*** INPUT MATERIAL ***

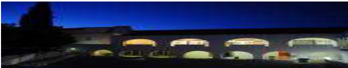
Município de Mora assinala Dia de Portugal com Espetáculo “Os Poetas de Amália” (/ultimas/regional/municipio-de-mora-assinala-dia-de-portugal-com-espetaculo-os-poetas-de-amalia)
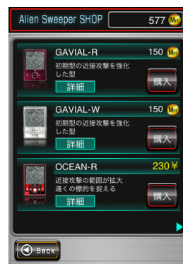
エイリアンを撃退するシステムは様々な機動があるより強くなるもの機動変更可能状況に応じて使い分け
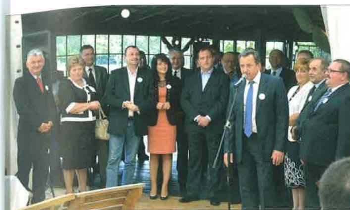
◆ Wspólne spotkanie w Sterdynie partnerów projektu pn. „Rozwój potencjału służb ratowniczych Polska – Ukraina” w ramach wzmacniania infrastruktury transgranicznego systemu zarządzania zagrożeniami naturalnymi” oraz przedstawicieli beneficjenta, którym było Starostwo Powiatowe w Sokołowie Podlaskim; Sterdyń, 5 czerwca 2013 roku.
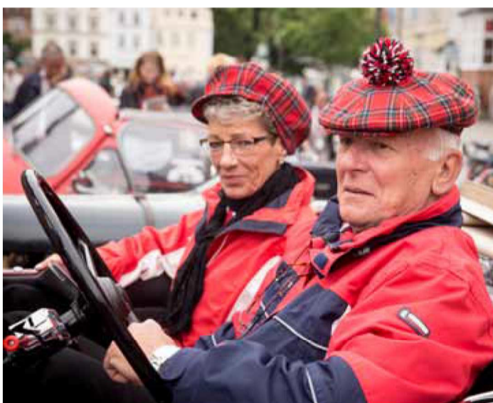
Stiliche Kleidung gehört auch dazu.
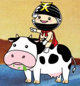
題字背景・イラスト画: sakko
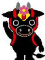
北広島町 【花田 舞太郎】
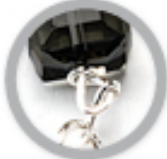
RA 202 Ø 8
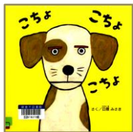
こちょこちょこちょ 日隈みさき/さく エンブックス

ジッとこちらをみている犬クン、あかちゃん、おさるさん…“こちょこちょこちょー!!”とやるとみーんな大笑い。「きゃっ、きゃっ、きゃっ、」「ぶっ、ぶっ、ぶっ」と声に出して読んでみて！笑いが止まらなくなることうけあいです。
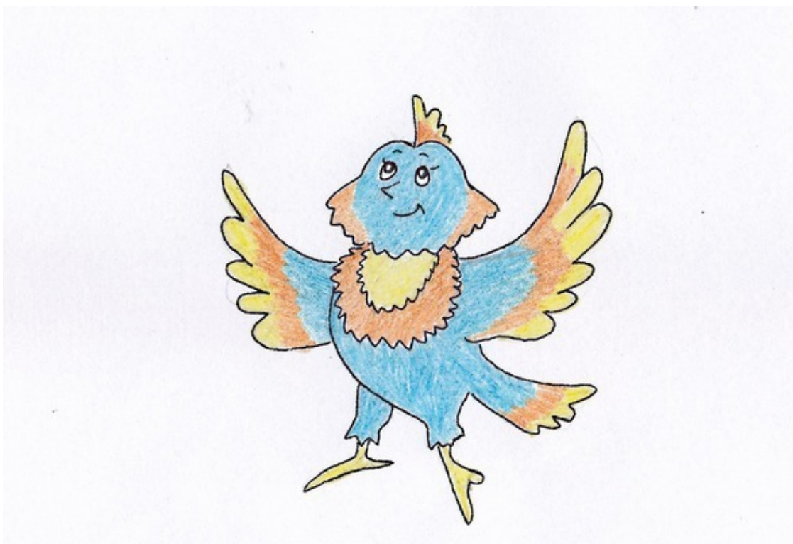
Превращение Паука в Пау. Рис. А. Дубровиной

Вот последний просвет между паутинками закрылся перед глазами Паука, и он заснул волшебным сном.
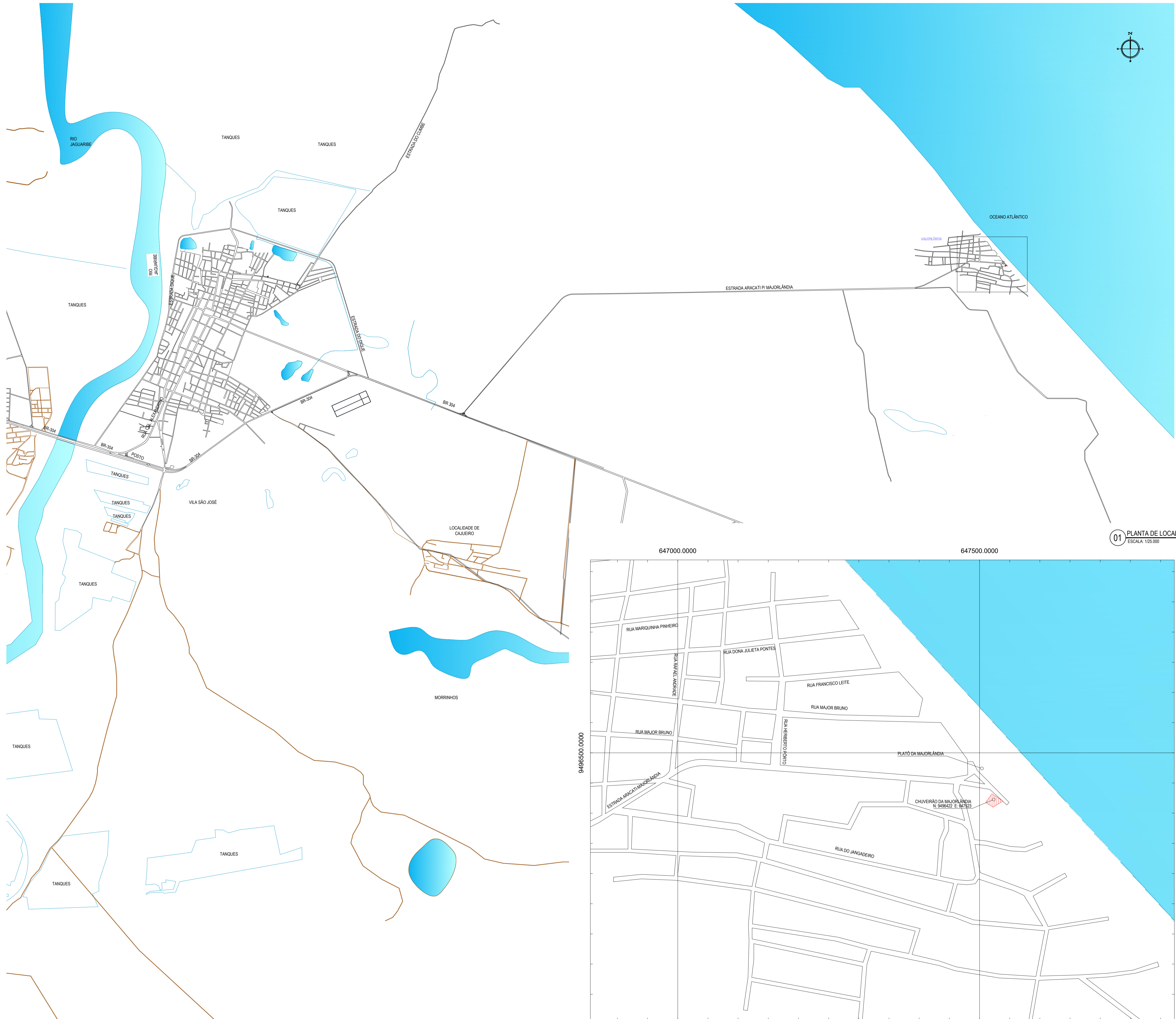
01 PLANTA DE LOCALIZAÇÃO ESCALA: 1:25.000
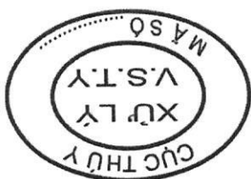
Hình 5: Mẫu dấu xử lý vệ sinh thú y đối với gia súc
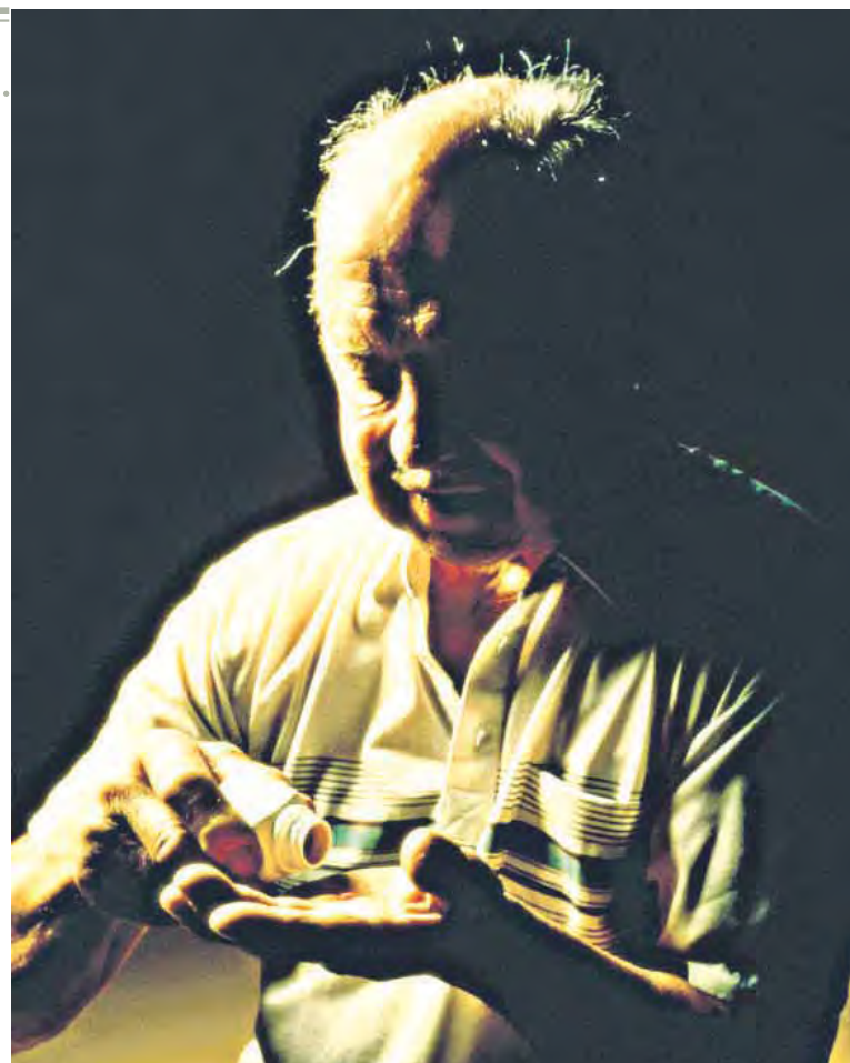
Los mayores más frágiles y los que se medican tienen mayor riesgo de deshidratación.

Es precisamente en estos casos, y cuando se encuentran ante ancianos con alguna patología de base, cuando los geriatras extreman las precauciones e insisten en la adopción de medidas preventivas, algunas "tan simples - según explica el doctor Musso- como ingerir en los meses de verano entre medio y
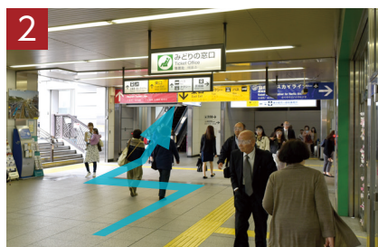
舎人ライナー日暮里駅方面へ、エスカレーターをお上がりください。
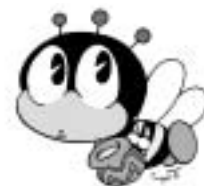
生涯学習キャラクター 「まなびー」

●申し込み・問い合わせ先 東御市教育委員会 事務局 生涯学習課（中央公民館） ☎64-5885 滋野公民館 ☎62-0401 柵津公民館 ☎62-0251 和公民館 ☎62-0201 北御牧公民館 ☎67-3311
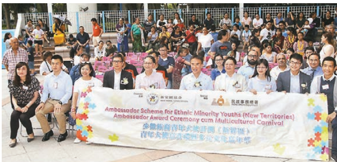
新家園協會舉辦「少數族裔青年大使嘉許禮暨多元文化嘉年華」。

以前進步及有更大的包容，少數族裔所受到的歧視比以往少很多，對於他們融入社會有很大的幫助。不過，他亦提到，現時政府對於少數族裔的支援的確比以前多，例如是教育支援比以前更全面，但在協助就業方面仍
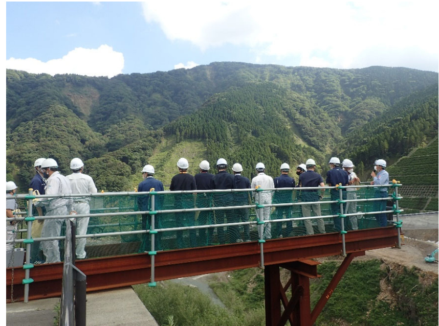
R4.7 熊本県職員現地説明【28名】
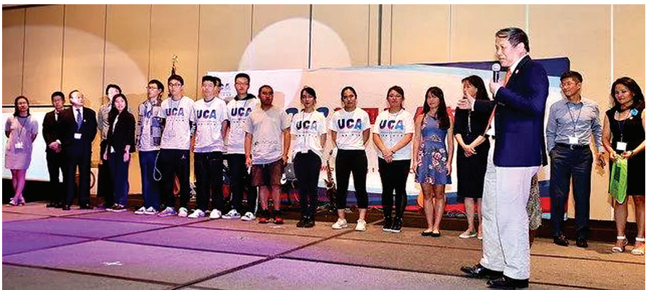
UCA 关心青年志愿服务和社区公益
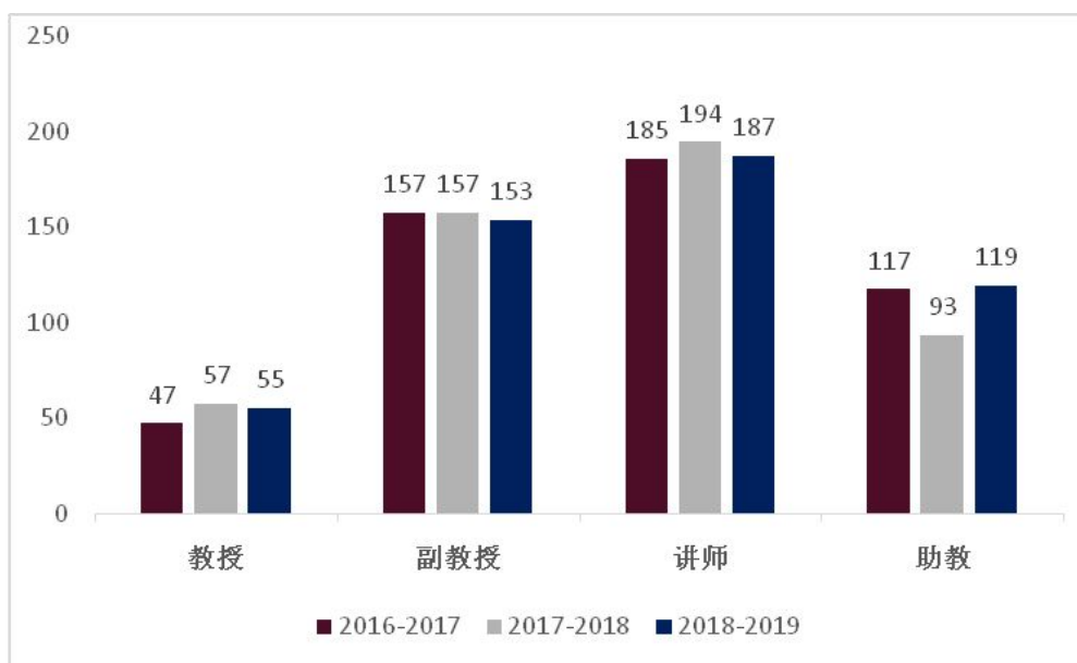
图 1：吉林艺术学院 2018—2019 学年专任教师职称结构状况图

2018-2019 学年的专任教师队伍中，“双师型”教师 149 人，占专任教师的 28.93%；教授 55 人，副教授 153 人，具有正高级职称教师占专任教师的 10.56%，具有副高级职称占专任教师的 29.37%，副高职称以上的教师数占专任教师总数的 39.9%，这些教学能力强、业务素质高的师资为学校发展提供了强劲动力。
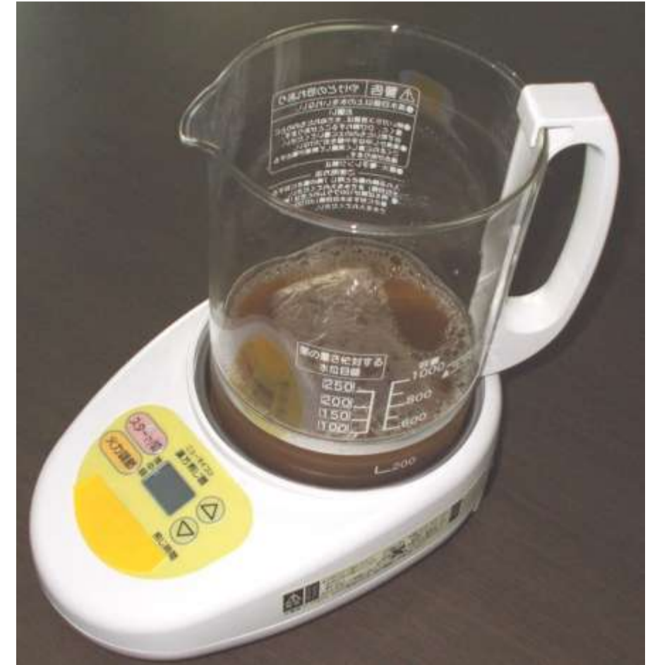
写真1 市販煎じ器 蓋を外して用いる

成分:グリチルリチン酸(g、甘草)、エフェドリン類(e、エフェドリン+プソイドエフェドリン、麻黄)、ペオニフロリン(p、芍薬)、k、いずれもHPLCにより定量した。
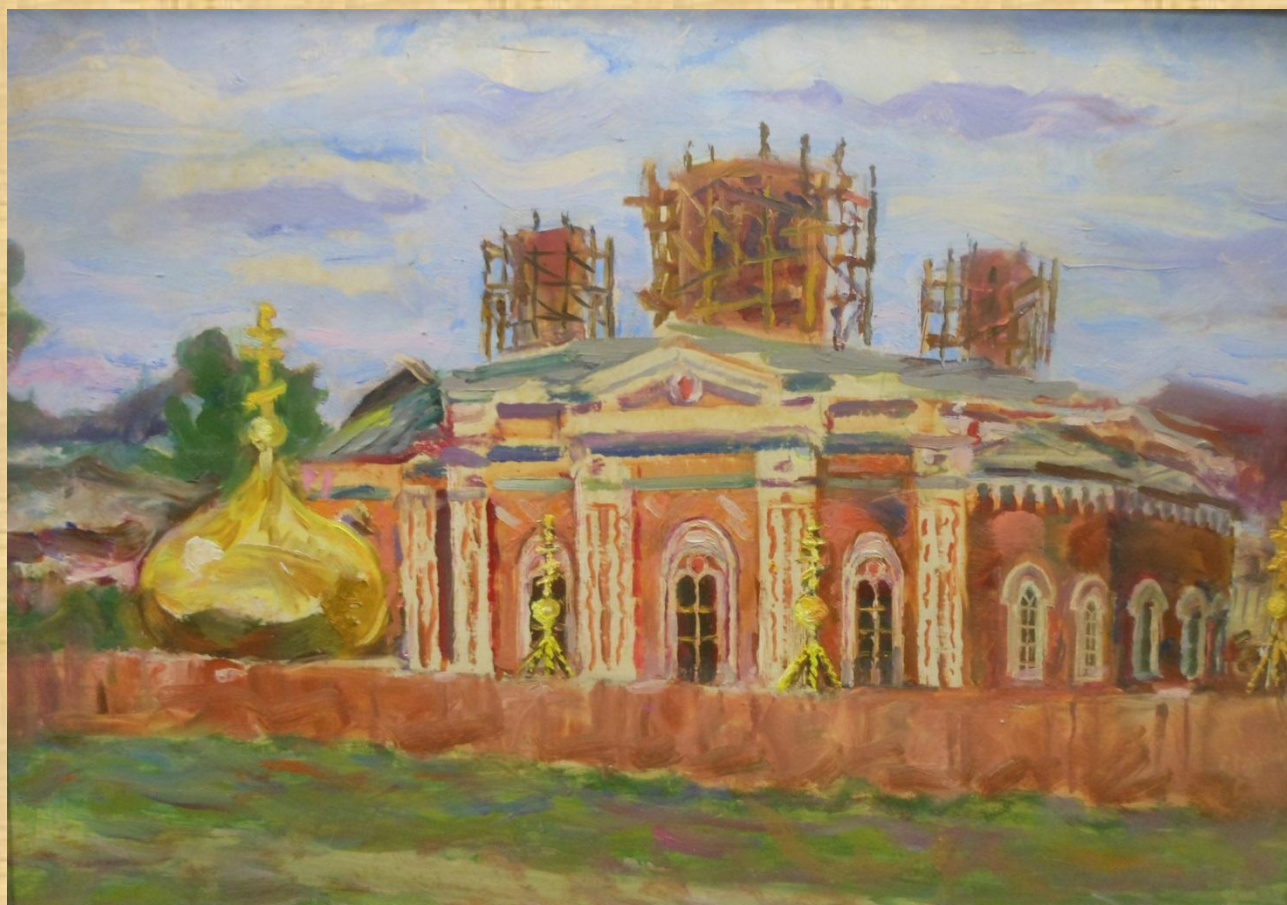
Шубин В.С. Будут новые купола к., м.
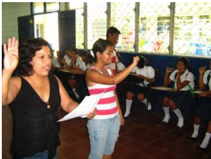
Kurs in Gebärdensprache

Zwei- bis dreimal in der Woche macht sich ein Team von Los Pipitos auf den Weg, um in den umliegenden Dörfern Familien mit behinderten Kindern zu besuchen, nach den Kindern zu schauen, die Familien zu beraten und über aktuelle Aktivitäten zu informieren. Wir begleiten die Mitarbeiter und besuchen einige der 35 Familien, die im letzten Jahr am Bettenbauprogramm teilgenommen haben.
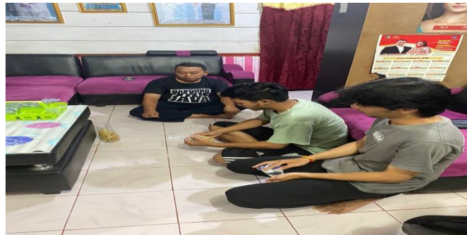
Kunjungan kerumah kades untuk musyawarah terkait pembahasan progja PKPM
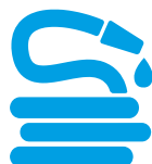
Tubi elettrici, idraulici e per l'irrigazione INDIFFERENZIATO

*** End of INPUT MATERIAL ***

▶ _WORK REQUEST_:
Nothing except a number is needed: how many lines of the entries contain the word "Паука"?

▶ _ANSWER TO THIS EXERCISE_:
2